# ID3 Algorithm Decision Trees

As I grow LEARNINGlover.com, I’m always thinking of different ways to expose my own personality through the site. This is partially because it is easier for me to talk about subjects where I am already knowledgeable, but it is more-so being done to help make some of these algorithms and concepts I encode more understandable, and sometimes relating foreign concepts to everyday life makes them easier to understand.

Today, I’d like to write about decision trees, and the ID3 algorithm for generating decision trees in particular. This is a machine learning algorithm that builds a model from a training data set consisting of a feature vector and an outcome. Because our data set consists of an outcome element, this falls into the category of supervised machine learning.

The model that the ID3 algorithm builds is called a decision tree. It builds a tree based on the features, or columns of the data set with a possible decision corresponding to each value that the feature can have. The algorithm selects the next feature by asking “which feature tells me the most about our data set?” This question can be answered first by asking how much “information” is in the data set, and then comparing that result with the amount of information in each individual feature.

In order to execute this algorithm we need a way to measure both the amount the information in outcomes of the overall data set as well as how much each feature tells us about the data set.
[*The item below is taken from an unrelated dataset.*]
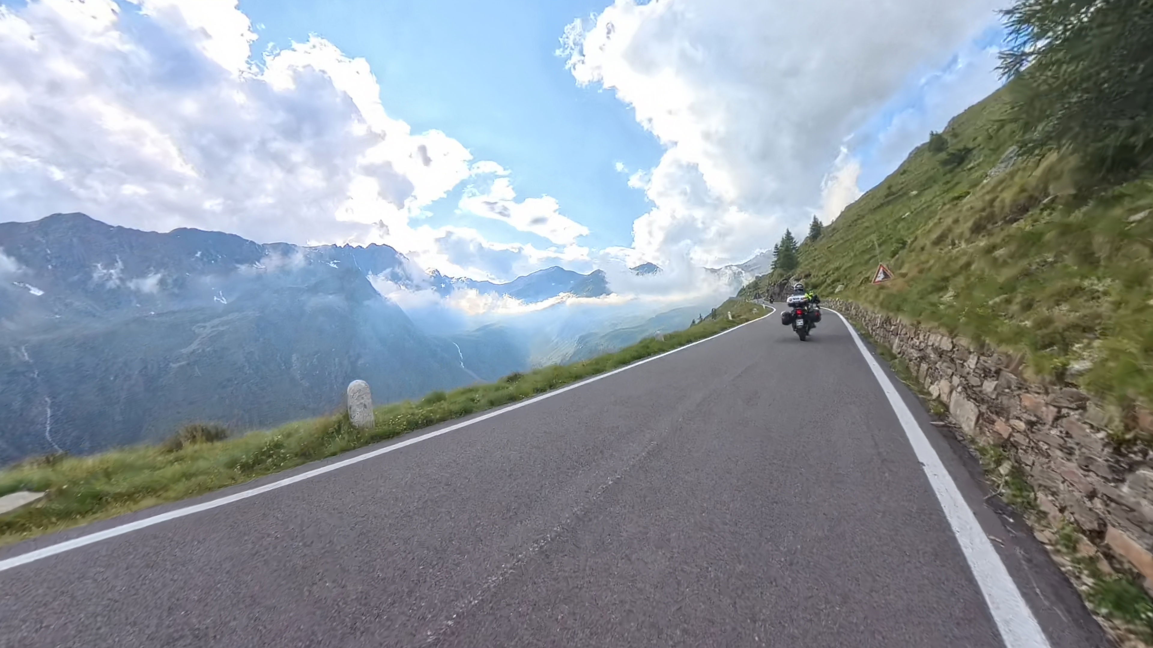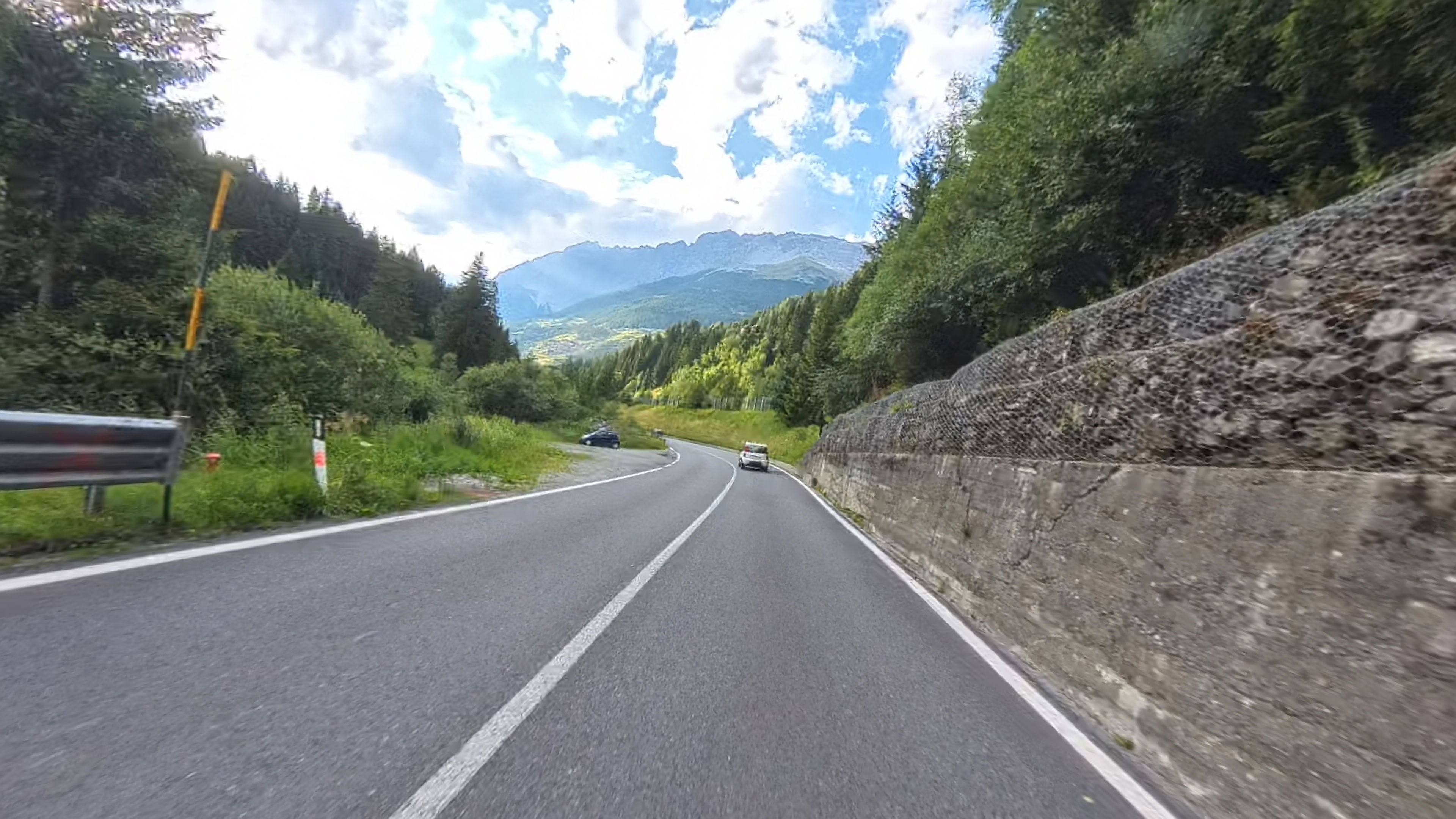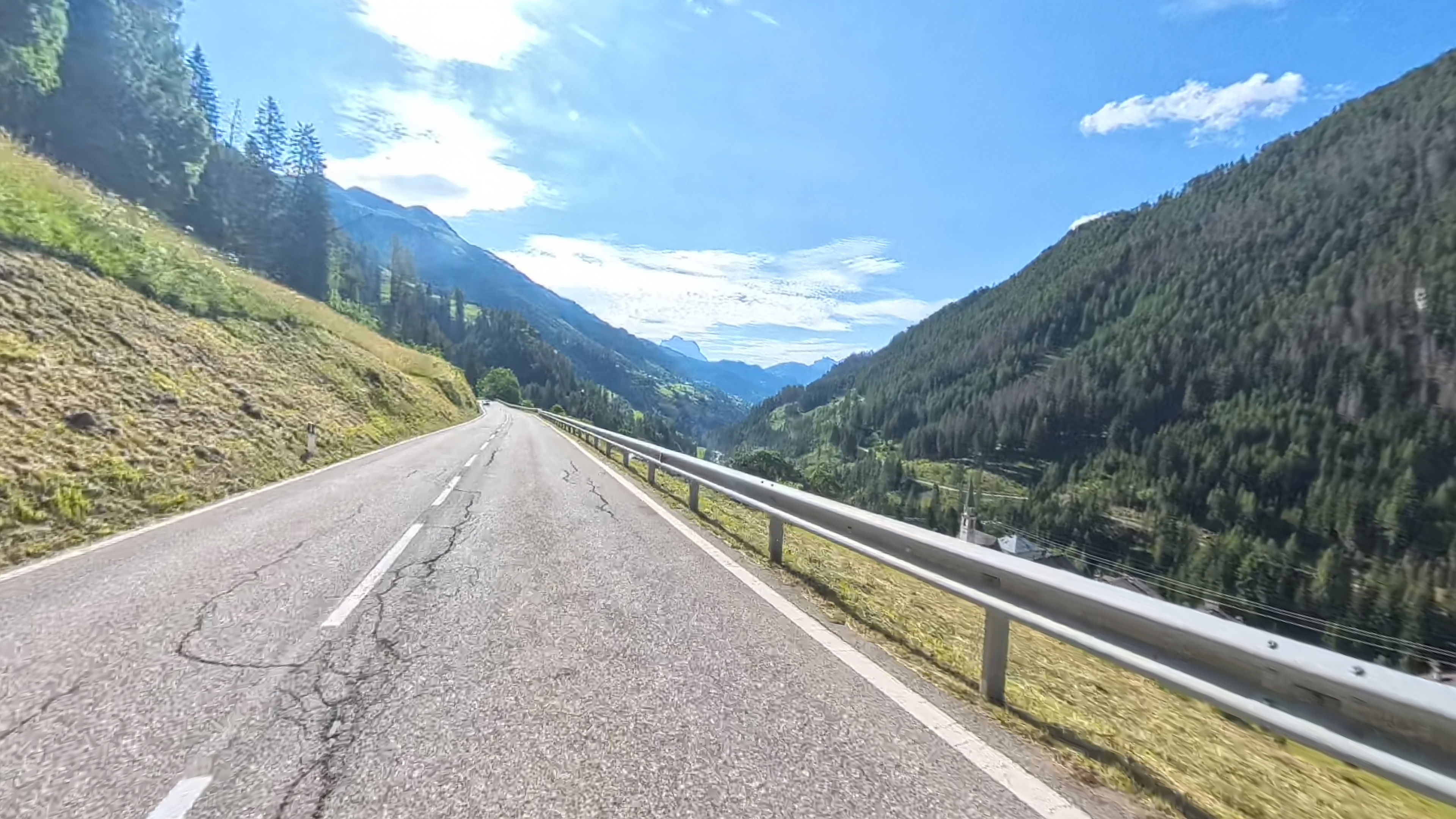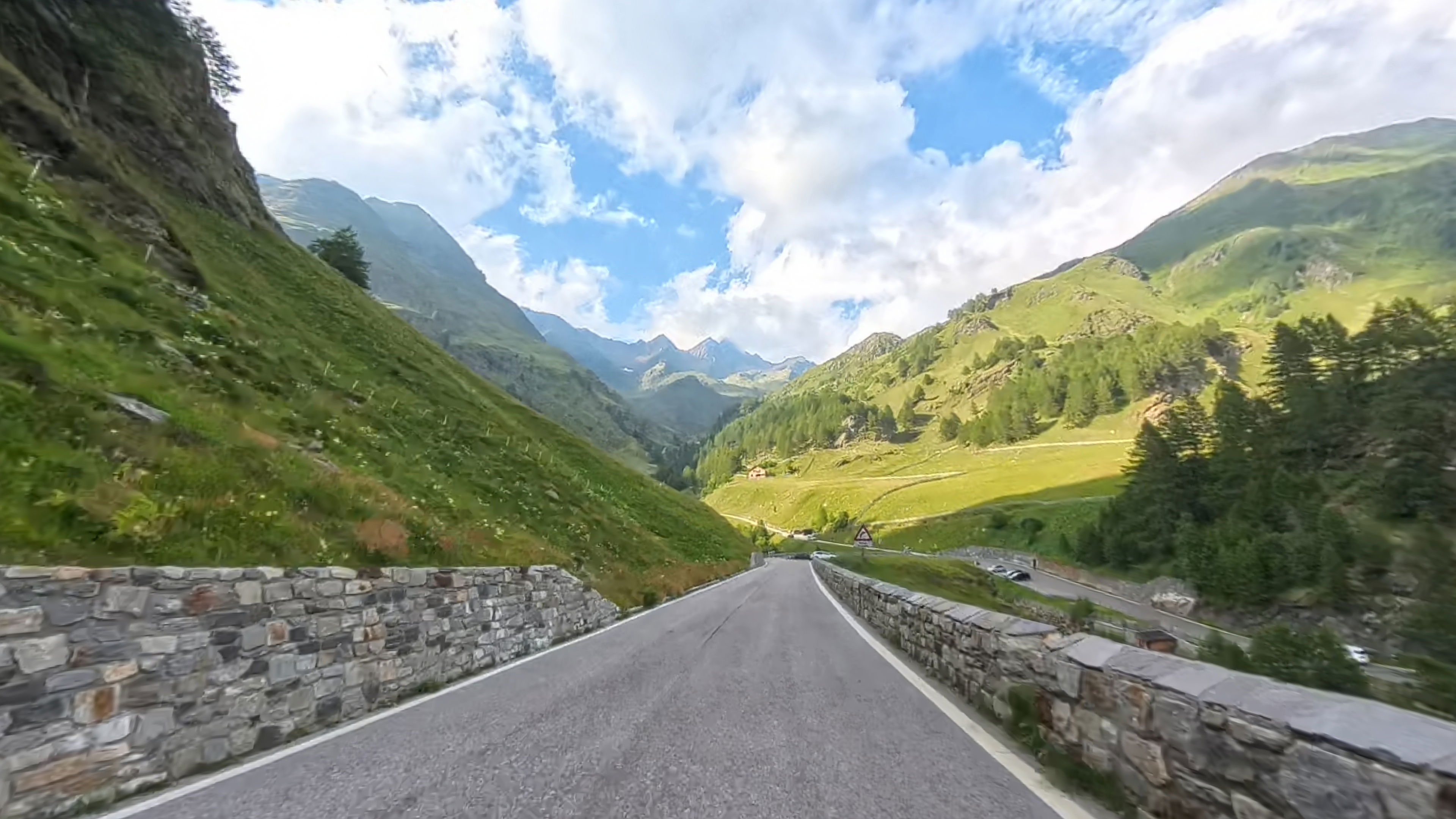 Spust v dolino Passiria je prav tako čudovit. Na vrhu je cesta še nekoliko poškodovana, a nas to ne gane kaj dosti, lahko vsaj uživamo v razgledih.

For the first, we will use entropy, which comes from the field of information theory and encoding. Entropy is based on the question of how many bits are necessary to encode the information in a set. The more information, the higher the entropy, and the more bits required to encode that information. Although we are not encoding, the correlation between high information and high entropy suits our purposes.

To understand how much each feature tells us about the outcomes of the data set we will build on the concept of entropy to define the information gain of a feature. Each feature has multiple options, so the dataset can be partitioned based on each possible value of this feature. Once we have this partition, we can calculate the entropy of each subset of the rows of data. We define the information gain of a feature as the sum over all possible outcomes of that feature can have of the entropy of that outcome multiplied by the probability of that outcome.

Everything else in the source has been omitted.